This blog will serve as an online journal and record of studio based activities, rehearsals and guerrilla performances associated with Adam James' project, The Mudhead Dance.
Taking place on July 7th, 2012 at V22 Summer Club, London. This project is kindly supported by The Arts Council of England.
Taking place on July 7th, 2012 at V22 Summer Club, London. This project is kindly supported by The Arts Council of England.
What I want to do is overlay and combine worlds, rituals, references and characters to create something that awkwardly sits in-between the real and the mythical.
To reach this new world I will hope to employ the following methods.
- Firstly I will develop costumes for three separate tribes inspired by a mix of aspects from appropriated local outsider characters.
- Work the individual and group choreographic scores developed with dancers in the Siobhan Davies into a series of dances/performances specific to each tribe.
- Design three stages based on a combination of aspects from the Pueblo Shipap Mythology and elements of South East London which in some way feel linked to the same myth.
- Create a troupe of sacred Mudhead Clowns whose job it will be to upstage the rituals performed by the tribes. The Mudheads will wear masks developed from the Mud Circles shoot.

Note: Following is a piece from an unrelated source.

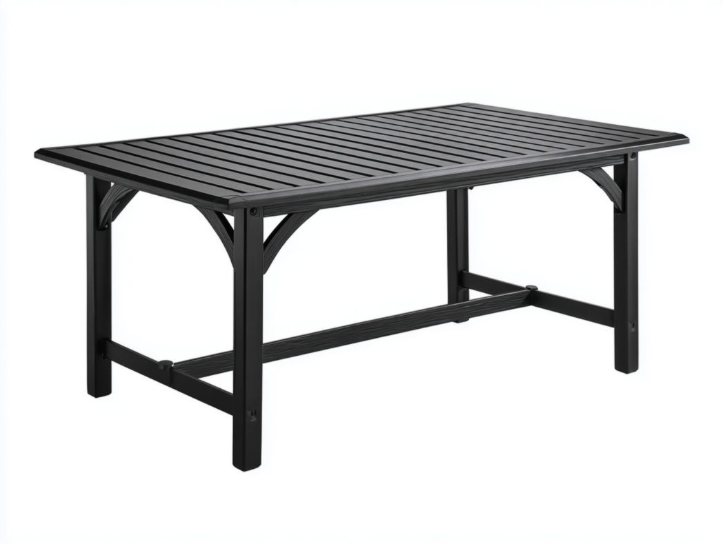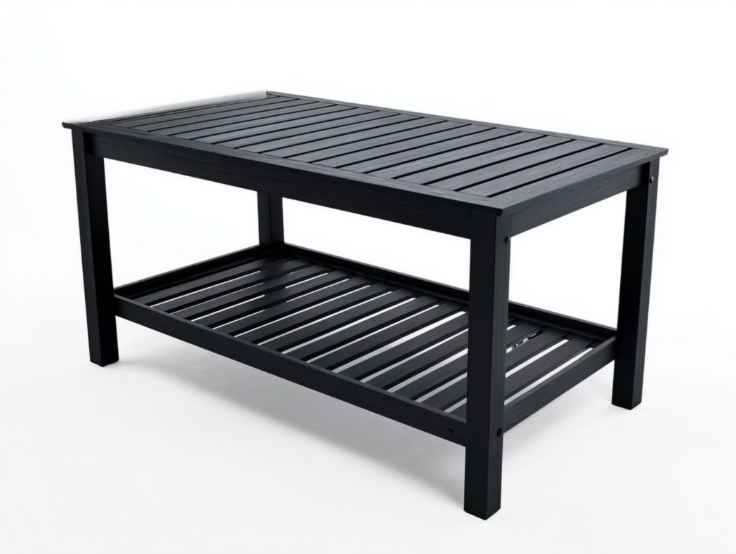 Table rectangulaire en métal noir à doubles niveaux à lattes

- Incorporate a live soundtrack played by Professor Frank Millward. The beginnings of which have already been established through working together at the Siobhan Davies rehearsals. The soundtracks brief is otherworldly, underworld, dank, epic and relating in someway to an urban gritty environment.
- A trio of ghosts from Tramps gone by will be designed and employed to act as guides to and through this new world. These ghosts are to be based in part on real archival stories, found, remembered and fictionalized.

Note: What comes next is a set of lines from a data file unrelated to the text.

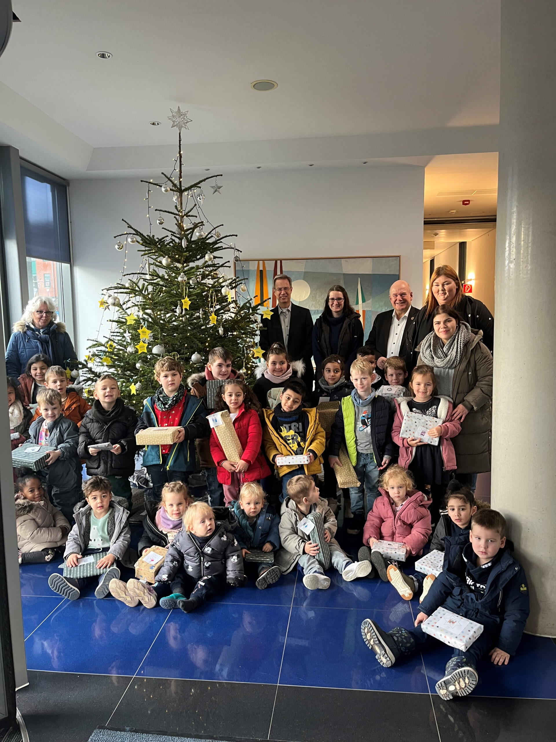 Im Verwaltungsgebäude des WVER wurde am 13.12.2023 unser Weihnachtsbaum im Foyer mit selbst gebastelten Wunschsternen von Kindern aus dem Kindergarten St. Joachim in der Meckerstraße 12 in Düren geschmückt.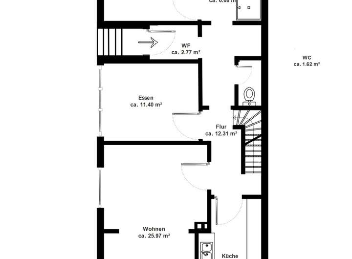 Im Erdgeschoss stehen Ihnen drei Zimmer, ein Badezimmer, ein Gäste-WC sowie eine Küche mit praktischer Einbauküche zur Verfügung.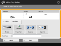 To change the name of a form image already registered, select the form image from the list in step 5 and press <Details>  <Rename Form>. To delete a form image, select the form image from the list and press <Delete>. You can register up to 100 image forms. However, this number varies depending on the capacity of the hard disk. |

Central the projects ambition is my need to create a new moving image work. As such I am approaching this in the same way, albiet a bit wonky, as one might approach a music video shoot. Which is why in part I plan to work with the Director Steve Glashier, with whom I have had the pleasure and sometimes displeasure of working with on many shoots around the world. My ambition is to create 15-20 minute film with a cyclical narrative or sorts to be viewed much like a moving painting.
The film will hinge around three set pieces comprising of performances around a stage, each performance will be viewed, interrupted and eventually upstaged by the Mudheads.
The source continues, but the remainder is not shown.